**Work instruction**. Leaving out pictures, output exactly the lines below from the one that has "کیف پول دکمه" through the one that has "73105112 Neubrandenburg Hochhaus", and nothing else.

=======

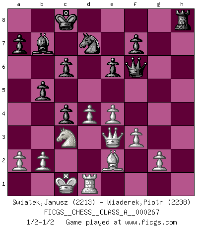 Last move : 1/2-1/2 2023 May 8 4:49:24 [Event "FICGS__CHESS__CLASS_A__000267"] [Site "FICGS"] [Date "2023.03.18"] [Round "1"] [White "Swiatek,Janusz"] [Black "Wiaderek,Piotr"] [Result "1/2-1/2"] [WhiteElo "2213"] [BlackElo "2238"] 1.d4 d5 2.c4 c6 3.Nf3 Nf6 4.Nc3 e6 5.Bg5 h6 6.Bh4 dxc4 7.e4 g5 8.Bg3 b5 9.Be2 Bb7 10.Ne5 Bg7 11.h4 Nbd7 12.hxg5 hxg5 13.Rxh8+ Bxh8 14.Qd2 Nxe5 15.Bxe5 Qa5 16.f3 O-O-O 17.Qxg5 Nd7 18.Bxh8 Rxh8 19.O-O-O Qd8 20.Qf4 Qf6 21.Qe3 1/2-1/2 Follow this game move after move (download)Fischer sacrificed virtually everything most of us weakies (to use his term) value, respect, and cherish, for the sake of an artful, often beautiful board game, for the ambivalent privilege of being its greatest master. (Paul Kollar) Es gibt keine einzige Frau, der ich nicht einen Springer vorgeben könnte und trotzdem gewänne. (Robert James Fischer) Me dio la sensación de como si yo estuviera jugando en contra del mismo Ajedrez. - al estar jugando en contra de Robert Fischer (Walter Shipman) Avec des compensations pour le matériel en plus... (Anonyme) We need strong personalities and only one world champion to attract sponsors. (Anatoly Karpov)
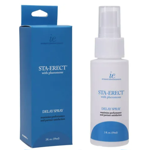 Sta-Erect Spray Box. Just one spray makes your pleasure last a lot longer! These odourless and tasteless products allow you to delay ejaculation and orgasm until you are ready to let it go. Apply to decrease sensitivity and extend your lovemaking. It’s fast, effective and greaseless too, so it won’t stain your sheets or her sexy lingerie.Contains 7.5% benzocaine which acts as a desensitizing agent to help the man maintain and prolong his erection and help delay or prevent premature ejaculation. Odourless and tasteless. This product can also be more helpful when used along with a cock ring. .5oz .Lotions/Potions & Aphrodisiacs from Doc Johnson Novelties
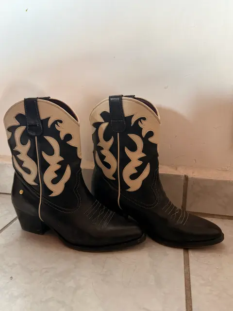botas vaqueras bicolor súper originales son cortas súper cómodas y sin detalles nunca los usé
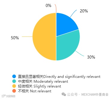 The data shows that the highest percentage of companies were slightly related, at 50%; moderately related companies accounted for 30%; and directly and significantly related companies accounted for 20%, totaling 50%; while the proportion of unrelated companies was 0, meaning that the businesses of all the surveyed companies were related to the new tariff measures to some extent.
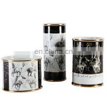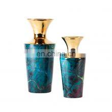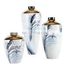 Luxury Marble Design Home Decoration Plated Porcelain Craft Gold Edge Vase
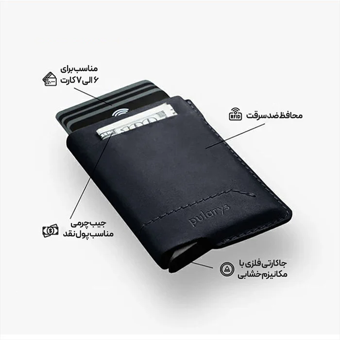 کیف پول دکمه دار-خشابی چرم ایتالیایی بستون Black کد 172713101 پولاریس
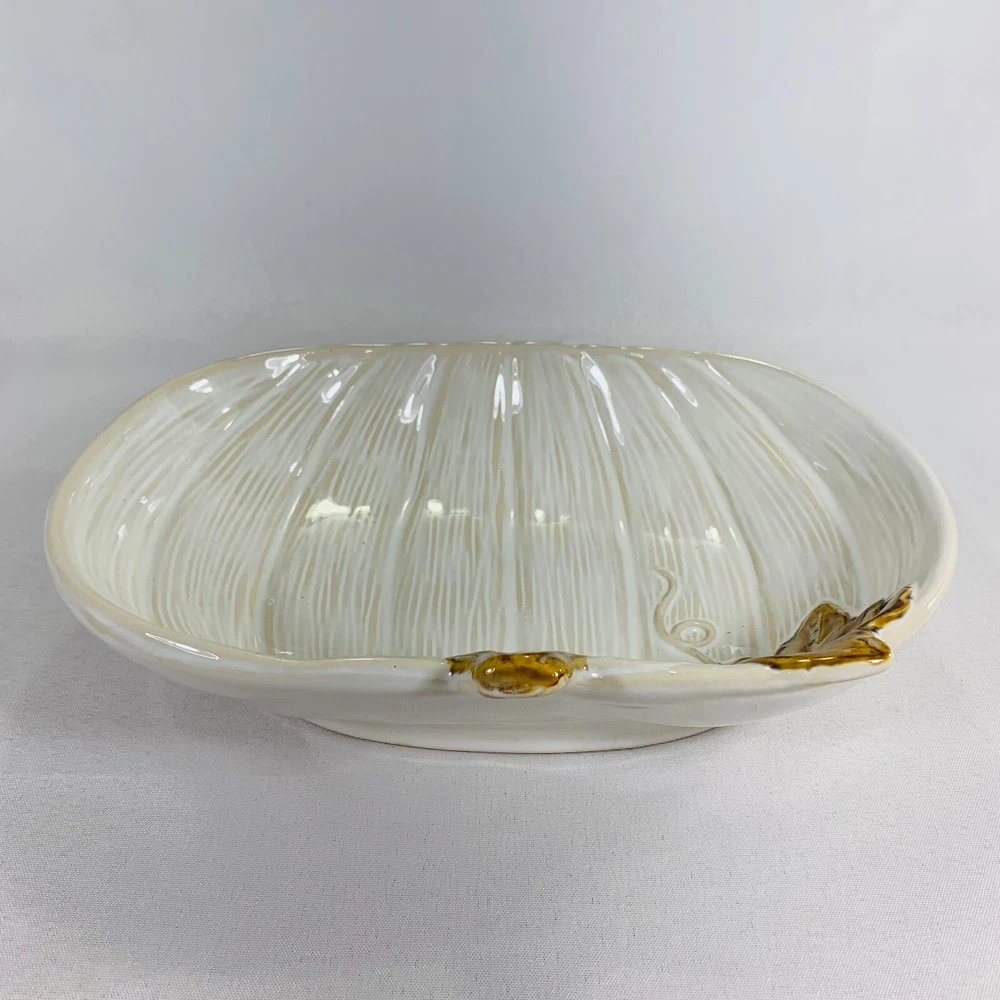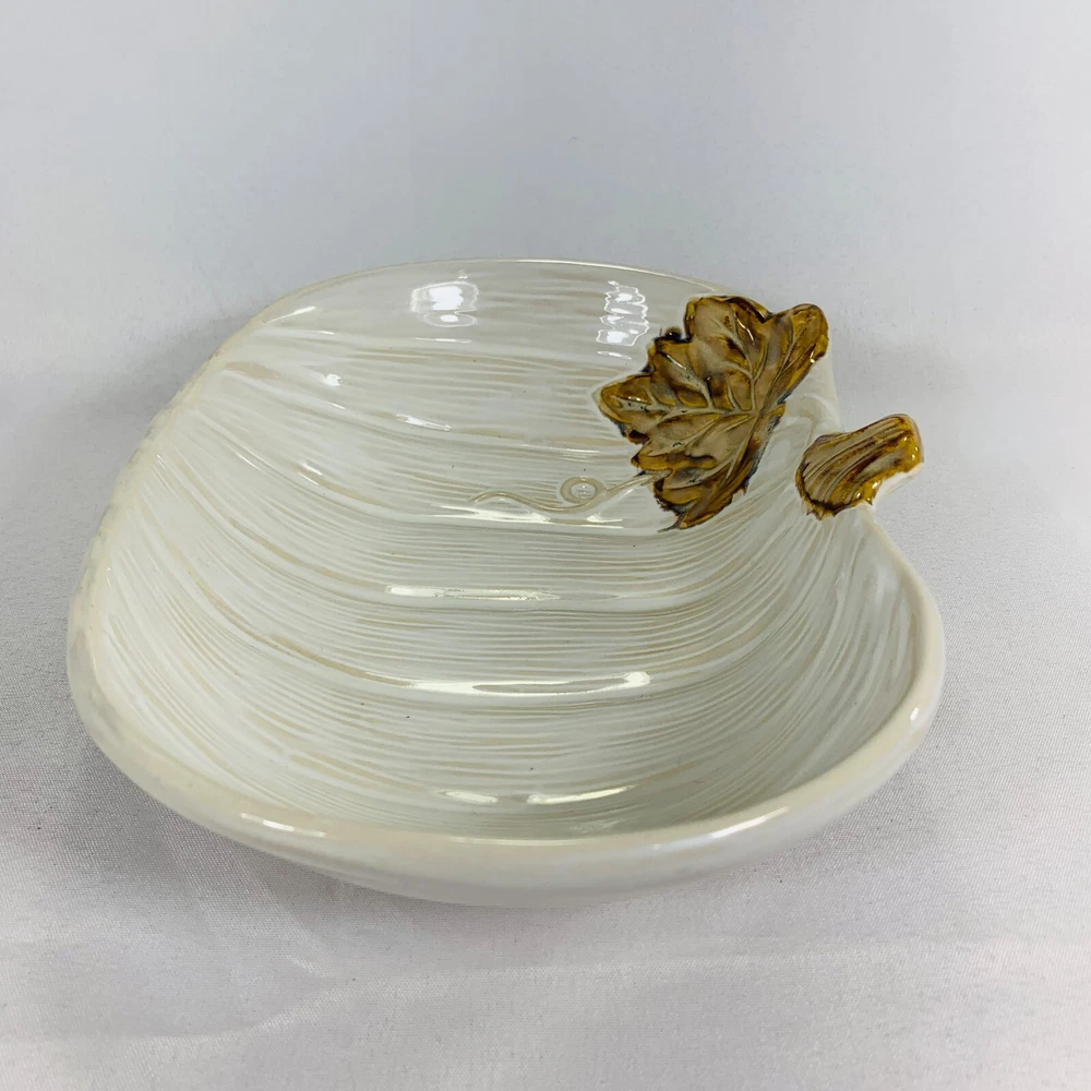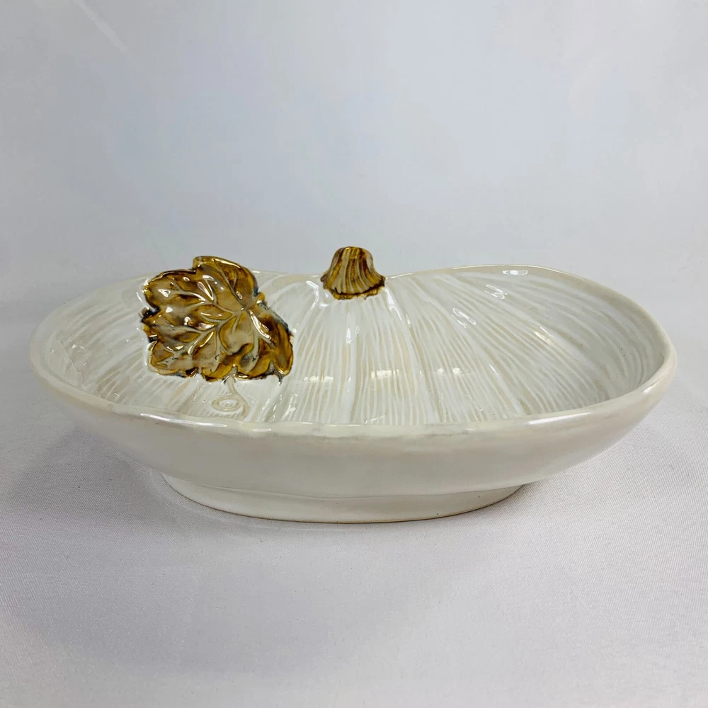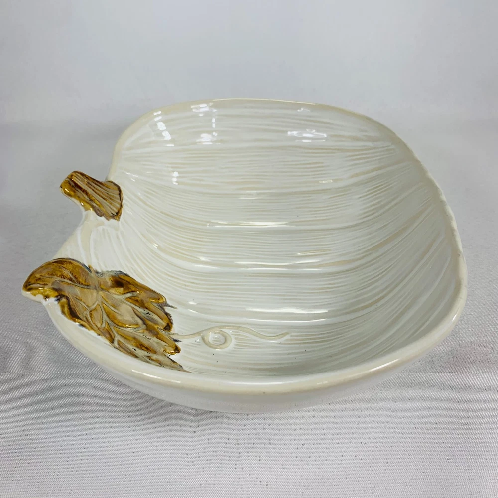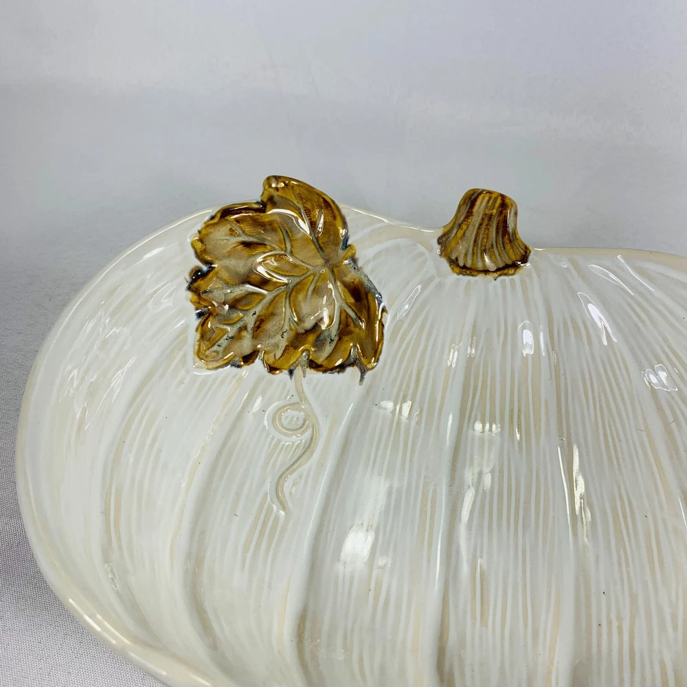This cream-colored figurine is the perfect addition to your Fall and Thanksgiving decor. The pumpkin shape and leaf design make it a great centerpiece for any table or shelf. Measuring at 10 inches, it is the perfect size for displaying candy, food, or other small items. It is a great gift for any occasion, especially Thanksgiving. We can do combined shipping! See what else you'd like from our store! πRetro and Beyond
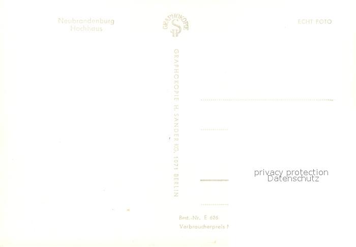 73105112 Neubrandenburg Hochhaus postalisch nicht gelaufen Erhaltung siehe scans [KathaD81] KatCode: 11110013002000
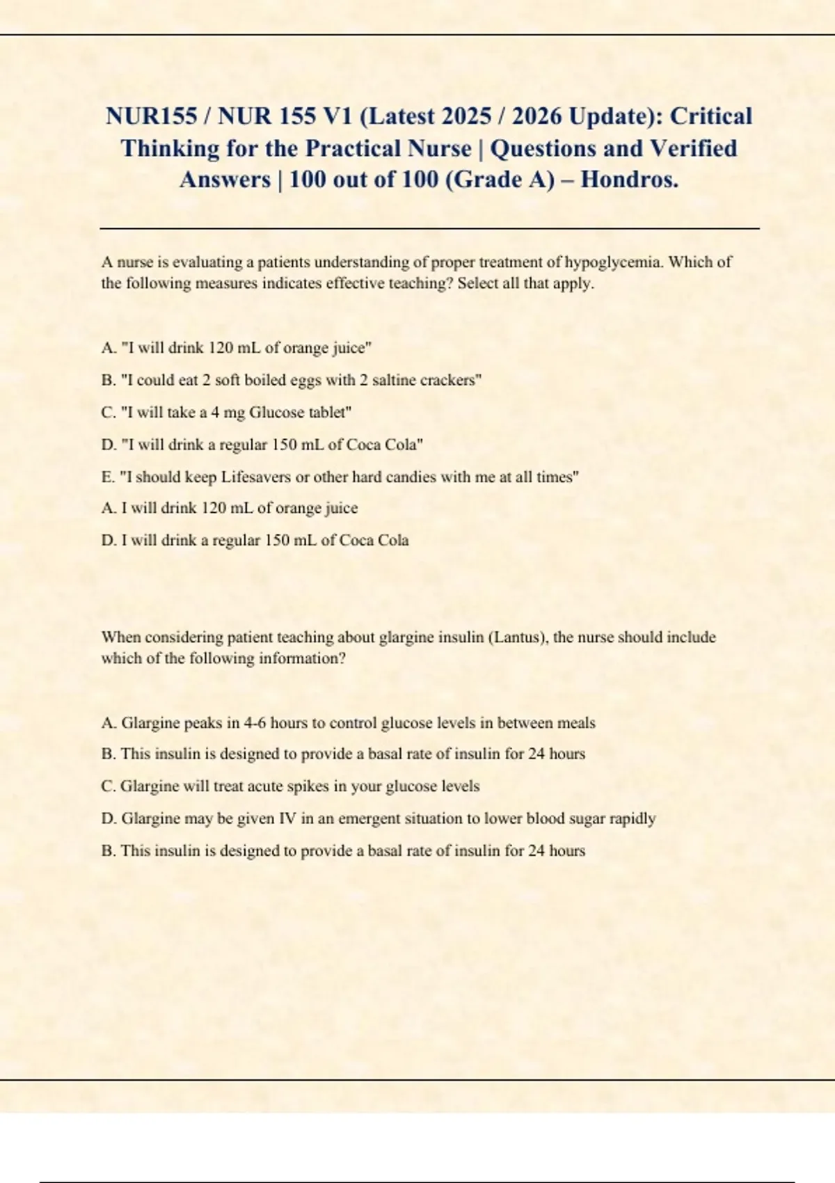 This document provides the full set of questions and verified answers for the course Critical Thinking for the Practical Nurse (NUR 155 V1) at Hondros College. It covers essential critical-thinking concepts, clinical decision-making skills, and practical-nursing reasoning strategies reflected in the 2025–2026 curriculum update. The material is structured to support accurate exam preparation and offers a complete, ready-to-study resource.

=======

**Output for this exercise**.
 کیف پول دکمه دار-خشابی چرم ایتالیایی بستون Black کد 172713101 پولاریس
This cream-colored figurine is the perfect addition to your Fall and Thanksgiving decor. The pumpkin shape and leaf design make it a great centerpiece for any table or shelf. Measuring at 10 inches, it is the perfect size for displaying candy, food, or other small items. It is a great gift for any occasion, especially Thanksgiving. We can do combined shipping! See what else you'd like from our store! πRetro and Beyond
 73105112 Neubrandenburg Hochhaus postalisch nicht gelaufen Erhaltung siehe scans [KathaD81] KatCode: 11110013002000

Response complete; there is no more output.